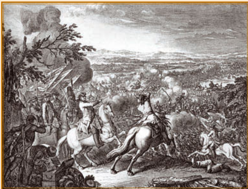
Победа над турками при Кагуле. 1770 г. Гравюра Д. Ходовецкого. 1793.

турок ничего не могла им противопоставить. 19 июля укрепленный лагерь турок был взят.
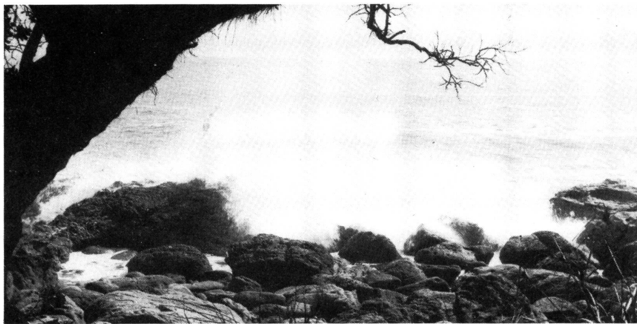
Hoch spritzen die Wellen über die Felsen am Mount Maunganui in der Nähe von Tauranga.

Wir fuhren nochmals nach Rotorua und besuchten dort eine Schafschau. Die 19 wichtigsten Schafrassen waren hier ausgestellt. Der Vorführer verstand seine Arbeit. Er zeigte auch, was ein Hirtenhund zu leisten vermag. Es war ganz erstaunlich, wie ihm seine beiden Hunde auf jeden Pfiff gehorchten. Er konnte ihnen jeden Schritt, vorwärts, rückwärts, seitwärts, mit verschiedenen Pfiffen befehlen. Dann schor er noch ein Schaf: In weniger als zwei Minuten war das ganze Schaf fein säuberlich geschoren! In der Nähe von Rotorua liegen der Blaue See und der Grüne See. Auf den Postkarten waren die Seen wirklich blau und grün. Aber als wir dort picknickten, war der See – der blaue oder der grüne? – einfach dunkel. Die Binsenhalmespiegelten sich am Rand, wo der See noch hell war. In der dunklen Mitte lag eine goldene Insel: Die herbstlichen Blätter leuchteten wirklich wie Gold. Es begann zu tröpfeln. Viel schlimmer aber als der Regen waren die Stechfliegen. Die waren so zahlreich wie die Regentropfen. Schliesslich flüchteten wir in das Auto. Da waren wir die Fliegen los! Fortsetzung folgt

# # # # #

▸ TO DO
Set down, exactly as written above, each line from the one with "турок ничего не" through the one with "Hoch spritzen die", and skip the pictures.

▸ SOLUTION BELOW
турок ничего не могла им противопоставить. 19 июля укрепленный лагерь турок был взят.
Hoch spritzen die Wellen über die Felsen am Mount Maunganui in der Nähe von Tauranga.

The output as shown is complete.